Jika EO memang diperlukan, buka nilai dan dasar pengadaannya.
Dan jika semuanya sesuai aturan sekaligus efisien, masyarakat tentu akan menerima. Tetapi jangan meminta masyarakat diam hanya karena administrasinya lengkap. Karena: ADMINISTRATIF BELUM TENTU MENJAWAB PERTANYAAN EFISIENSI.
Masyarakat berhak bertanya: “Apakah uang sebesar itu tidak bisa digunakan untuk kebutuhan yang lebih mendesak?” Dan pemerintah seharusnya menjawab dengan data.
Kalau ternyata hotel memang merupakan pilihan paling efisien, tunjukkan hitungannya. Kalau ada kebutuhan khusus, jelaskan alasannya. Tetapi kalau fasilitas pemerintah tersedia dan pilihan hotel ternyata menimbulkan biaya yang sebenarnya bisa dihindari, maka publik wajar mempertanyakan: apakah ini benar-benar efisien, atau justru berpotensi menjadi pemborosan APBD?
JANGAN SAMPAI PENGELUARAN YANG SEHARUSNYA BISA DIHEMAT JUSTRU DINORMALISASI.
Ini sejalan dengan instruksi efisiensi belanja yang berulang kali disampaikan Presiden Prabowo kepada seluruh jajaran pemerintah, termasuk pemerintah daerah. Ukuran keberhasilan pemerintah bukan seberapa mewah kegiatan dilaksanakan.
UKURANNYA ADALAH SEBERAPA BESAR MANFAAT APBD YANG KEMBALI KEPADA RAKYAT.

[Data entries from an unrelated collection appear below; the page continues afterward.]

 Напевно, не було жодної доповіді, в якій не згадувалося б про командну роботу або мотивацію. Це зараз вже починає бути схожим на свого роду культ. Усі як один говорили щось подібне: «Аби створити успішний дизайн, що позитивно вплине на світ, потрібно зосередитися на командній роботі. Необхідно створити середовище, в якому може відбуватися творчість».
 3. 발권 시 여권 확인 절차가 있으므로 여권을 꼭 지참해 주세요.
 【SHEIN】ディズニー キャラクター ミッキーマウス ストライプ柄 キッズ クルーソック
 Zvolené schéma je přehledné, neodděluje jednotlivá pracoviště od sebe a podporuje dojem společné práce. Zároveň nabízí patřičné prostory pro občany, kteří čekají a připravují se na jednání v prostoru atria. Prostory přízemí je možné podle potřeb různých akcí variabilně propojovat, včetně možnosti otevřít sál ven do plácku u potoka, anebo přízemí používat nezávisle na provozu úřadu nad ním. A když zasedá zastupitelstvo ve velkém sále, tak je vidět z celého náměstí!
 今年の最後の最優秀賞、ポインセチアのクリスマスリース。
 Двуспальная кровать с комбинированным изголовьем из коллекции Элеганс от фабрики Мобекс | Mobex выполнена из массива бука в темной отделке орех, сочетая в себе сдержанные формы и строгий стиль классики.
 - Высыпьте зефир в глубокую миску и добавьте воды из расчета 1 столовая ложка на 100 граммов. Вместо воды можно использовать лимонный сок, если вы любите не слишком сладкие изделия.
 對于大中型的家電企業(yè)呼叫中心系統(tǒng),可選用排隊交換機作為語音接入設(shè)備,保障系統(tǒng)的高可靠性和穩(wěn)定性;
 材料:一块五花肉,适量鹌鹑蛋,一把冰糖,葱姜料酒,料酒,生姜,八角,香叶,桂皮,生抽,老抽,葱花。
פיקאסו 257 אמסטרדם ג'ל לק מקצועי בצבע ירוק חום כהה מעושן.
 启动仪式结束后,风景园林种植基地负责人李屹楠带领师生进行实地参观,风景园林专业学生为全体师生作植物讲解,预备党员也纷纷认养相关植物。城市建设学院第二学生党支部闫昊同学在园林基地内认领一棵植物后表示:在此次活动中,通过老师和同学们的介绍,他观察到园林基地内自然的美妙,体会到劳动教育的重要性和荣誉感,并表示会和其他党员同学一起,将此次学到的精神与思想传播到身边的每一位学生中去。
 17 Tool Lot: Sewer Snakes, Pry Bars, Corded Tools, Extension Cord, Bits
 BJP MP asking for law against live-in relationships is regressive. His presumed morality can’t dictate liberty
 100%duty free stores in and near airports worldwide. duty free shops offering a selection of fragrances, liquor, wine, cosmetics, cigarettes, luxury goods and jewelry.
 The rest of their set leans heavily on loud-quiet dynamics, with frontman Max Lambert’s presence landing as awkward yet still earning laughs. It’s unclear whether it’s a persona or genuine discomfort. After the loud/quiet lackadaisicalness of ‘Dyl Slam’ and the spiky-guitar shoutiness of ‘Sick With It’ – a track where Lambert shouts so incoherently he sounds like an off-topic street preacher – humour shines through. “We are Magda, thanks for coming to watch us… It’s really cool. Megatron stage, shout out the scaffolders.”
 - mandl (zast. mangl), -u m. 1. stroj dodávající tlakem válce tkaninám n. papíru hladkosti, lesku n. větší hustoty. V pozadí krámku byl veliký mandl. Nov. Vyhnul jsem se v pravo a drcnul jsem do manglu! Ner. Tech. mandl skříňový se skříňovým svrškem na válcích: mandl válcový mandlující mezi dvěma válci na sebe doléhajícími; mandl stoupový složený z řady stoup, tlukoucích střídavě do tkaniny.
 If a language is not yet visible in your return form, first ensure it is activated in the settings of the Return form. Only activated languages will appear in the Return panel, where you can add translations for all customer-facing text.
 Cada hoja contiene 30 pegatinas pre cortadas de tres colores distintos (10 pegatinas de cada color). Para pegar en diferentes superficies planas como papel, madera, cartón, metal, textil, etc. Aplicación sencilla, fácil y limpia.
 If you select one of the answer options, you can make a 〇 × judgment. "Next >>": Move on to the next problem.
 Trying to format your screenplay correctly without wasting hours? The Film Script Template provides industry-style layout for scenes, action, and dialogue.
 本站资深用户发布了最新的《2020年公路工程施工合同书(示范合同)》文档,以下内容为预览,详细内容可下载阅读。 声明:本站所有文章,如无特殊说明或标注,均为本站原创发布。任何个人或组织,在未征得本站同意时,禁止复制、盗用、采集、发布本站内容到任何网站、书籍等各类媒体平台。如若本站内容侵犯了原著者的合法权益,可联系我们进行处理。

Sementara rombongan bimtek berdiskusi di ruang berpemandangan pegunungan, di kampung-kampung Kabupaten Pasuruan ada anak-anak yang masih berangkat sekolah lewat jalan berlubang, ada keluarga yang berhemat demi bisa membayar SPP, dan ada lansia yang menahan sakit karena biaya berobat belum terkumpul. Mereka tidak pernah diajak rapat soal Bimtek ini, tapi merekalah yang menanggung akibatnya kalau uang rakyat tidak dipakai sehemat mungkin. (Syr)
EFISIENSI BUKAN KEMAMPUAN MEMBELANJAKAN ANGGARAN. EFISIENSI ADALAH MENCAPAI TUJUAN DENGAN BIAYA YANG SEWAJARNYA.
Opini publik Ismail Makky, SE., SH., MM.